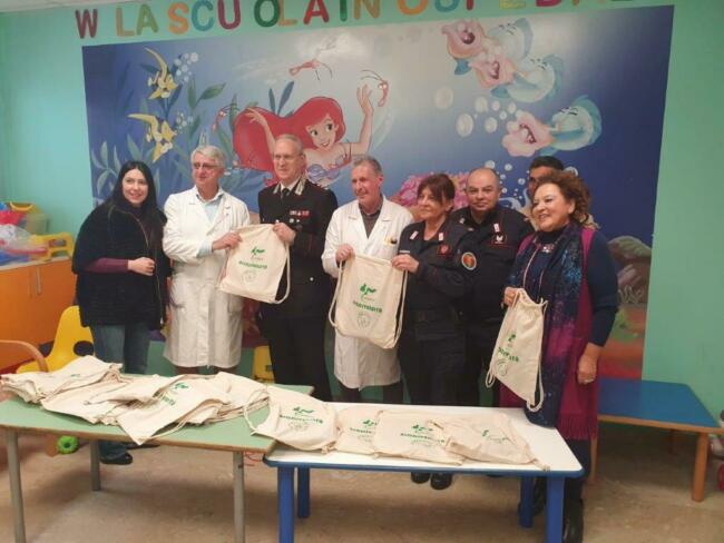 Sono stati consegnati gadgets come quaderni, matite, cappellini, colori, zainetti in tela o carte da gioco per alleviare la permanenza in ospedale dei piccoli degenti e sono state condivise immagini e sensazioni riguardanti la conoscenza della biodiversità, per consentire un “contatto” virtuale con la natura.
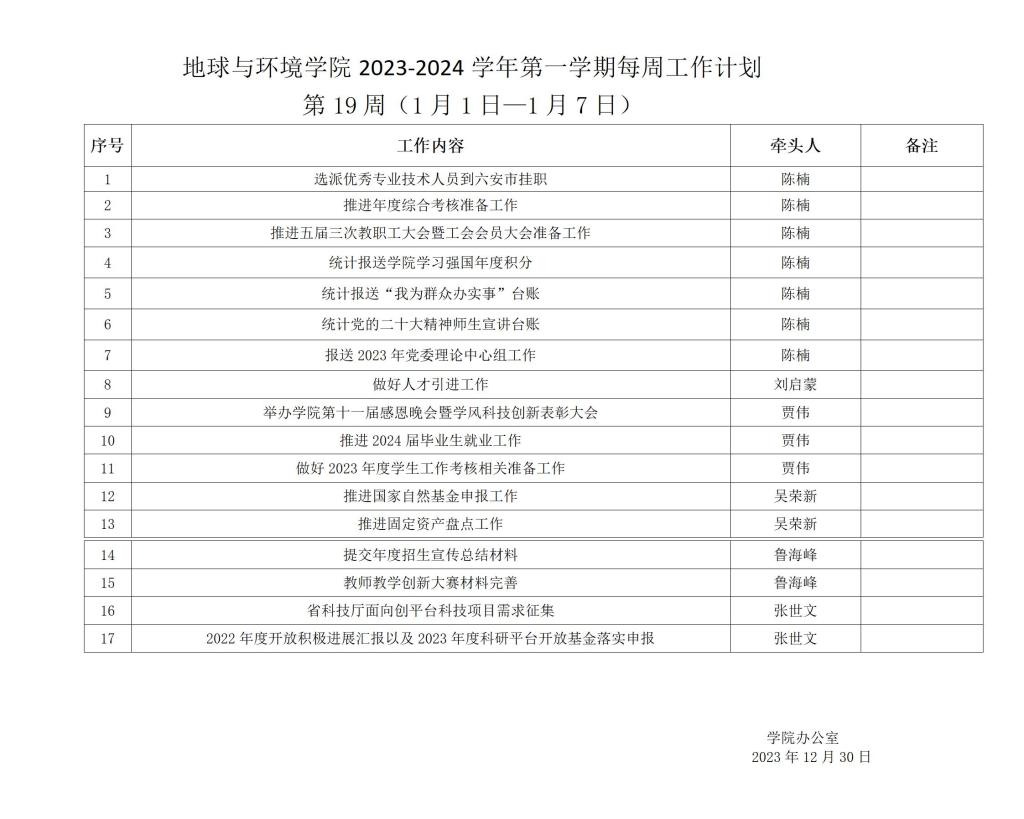 电子轮盘 2023-2024学年第一学期第19周(1月1日—1月7日)工作安排
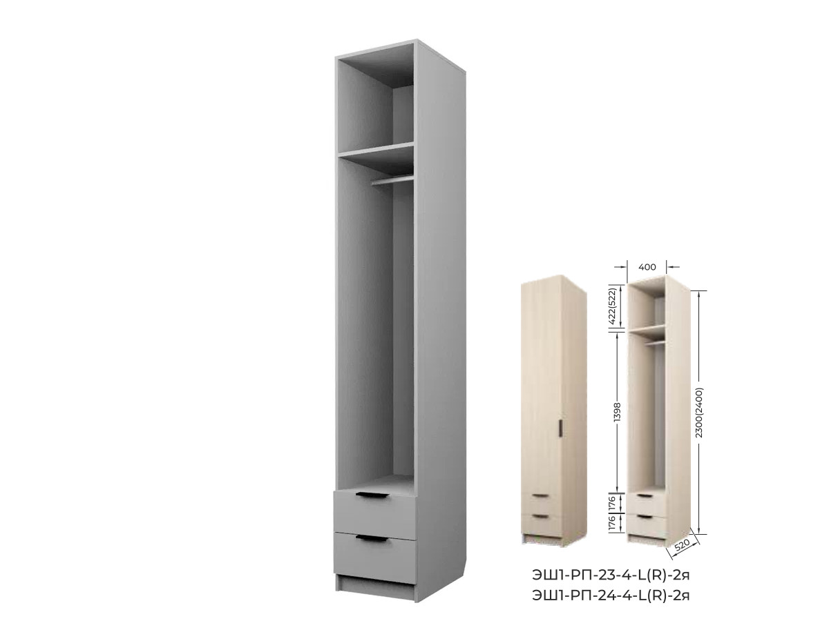 - Шкаф с 2 ящиками со штангой Экон ЭШ1-РП-24-4-R-2я с зеркалом

### How to complete this task
Exact copy, pictures removed: set down the whole listing above.

### Answer section
 Sono stati consegnati gadgets come quaderni, matite, cappellini, colori, zainetti in tela o carte da gioco per alleviare la permanenza in ospedale dei piccoli degenti e sono state condivise immagini e sensazioni riguardanti la conoscenza della biodiversità, per consentire un “contatto” virtuale con la natura.
 电子轮盘 2023-2024学年第一学期第19周(1月1日—1月7日)工作安排
 - Шкаф с 2 ящиками со штангой Экон ЭШ1-РП-24-4-R-2я с зеркалом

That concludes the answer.